The document management according to claim 3, wherein the summary sentence generation unit generates the summary sentence by giving priority to the related document acquired from the first storage unit over the related document acquired from the external server. Storage system.

The related document acquisition unit calculates the degree of similarity between the acquired related document and the term.
The document management / viewing system according to claim 3, wherein the summary sentence generation unit generates the summary sentence from a plurality of related documents whose similarity exceeds a threshold value.

In the annotation text display method in the document management / viewing system that accumulates and manages documents and presents them to users
The steps to display the documents stored in the document management / viewing system to the user,
For the term selected by the user in the document displayed to the user, a step of displaying an annotation sentence corresponding to the term to the user, and
Have,
A method of displaying an annotation text, characterized in that the annotation text is generated by artificial intelligence.

The commentary sentence for each term is accumulated in the document management / viewing system in advance, and the commentary sentence to be displayed to the user from the accumulated commentary sentence based on the terminology selected by the user. The commentary text display method according to claim 6, wherein a text is selected.
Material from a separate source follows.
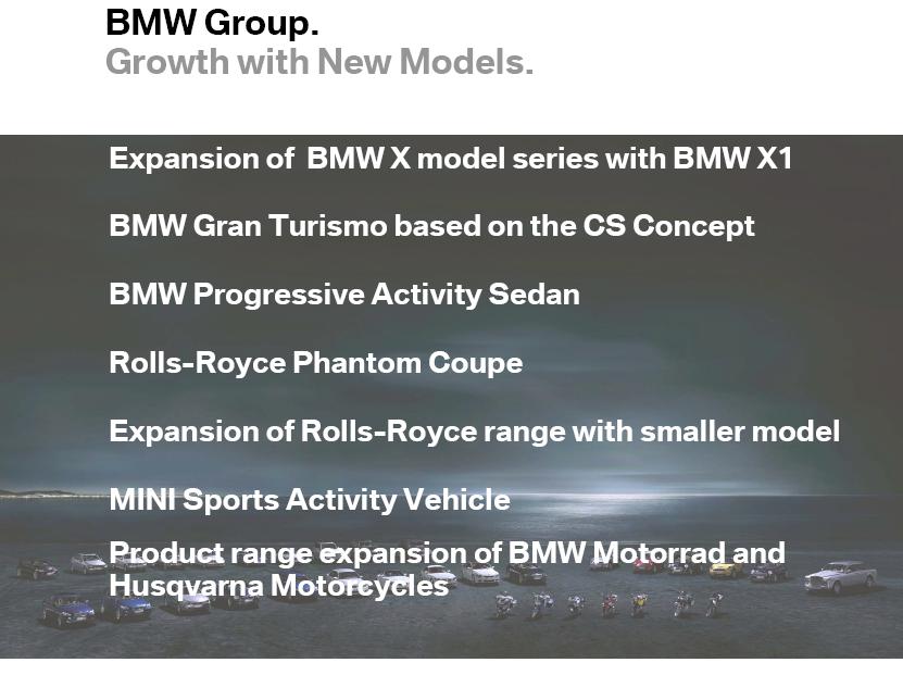 ![]() Here's explanation of slide: X1, Gran Turismo, MINI SAV, Rolls-Royce Coupe to be launched by 2012 The BMW Group will continue its product initiative, making use of modular systems for all new models in order to increase synergy effects. A new X1 model will complement the successful X Sports Activity Vehicle lineup, in addition to the BMW Concept X6 presented at the Frankfurt Motor Show. Furthermore, the company will manufacture a four-dour Gran Turismo based on the CS concept study showcased in Shanghai. Another result of the new strategy is that the BMW Group will not build a space-functional concept. Instead, the company plans to introduce a fundamentally altered concept called Progressive Activity Sedan (PAS). This concept will establish an entirely new segment, introducing a unique interpretation of the sedan and offering a wide range of intelligent features. The next MINI model will be a Sports Activity Vehicle. The Rolls-Royce model portfolio will be expanded as well: A Coupe will be launched as the third variant of the Phantom. An additional Rolls-Royce model is in the pipeline; it will be positioned below the Rolls-Royce Phantom in terms of both price and size. Furthermore, the BMW Group will continue to extend the product portfolios under the BMW Motorrad and Husqvarna Motorcycles brands in the years to come. Last edited by LeMansX5; 09-28-2007 at 10:53 PM. |

A comment statement generation step for generating the commentary sentence for each term is provided.
The comment statement generation step is
A term extraction step for extracting terms from documents stored in the document management / viewing system, and
A related document acquisition step of searching and acquiring at least related documents related to the term extracted in the term extraction step from the documents stored in the document management / viewing system, and a related document acquisition step.
A summary sentence generation step of generating a summary sentence of the related document using artificial intelligence, using the summary sentence as the commentary sentence, associating it with a corresponding term, and accumulating it in the document management / viewing system.
The commentary text display method according to claim 7.

In the related document acquisition step, the related document is also searched and acquired from an external server connected via the network.
The annotation text display according to claim 8, wherein in the summary text generation step, the summary text is generated by giving priority to the related document acquired from the document management / viewing system over the related document acquired from the external server. Method.

In the related document acquisition step, the degree of similarity between the acquired related document and the term is calculated.
The commentary text display method according to claim 8, wherein in the summary text generation step, the summary text is generated from a plurality of related documents whose similarity exceeds a threshold value.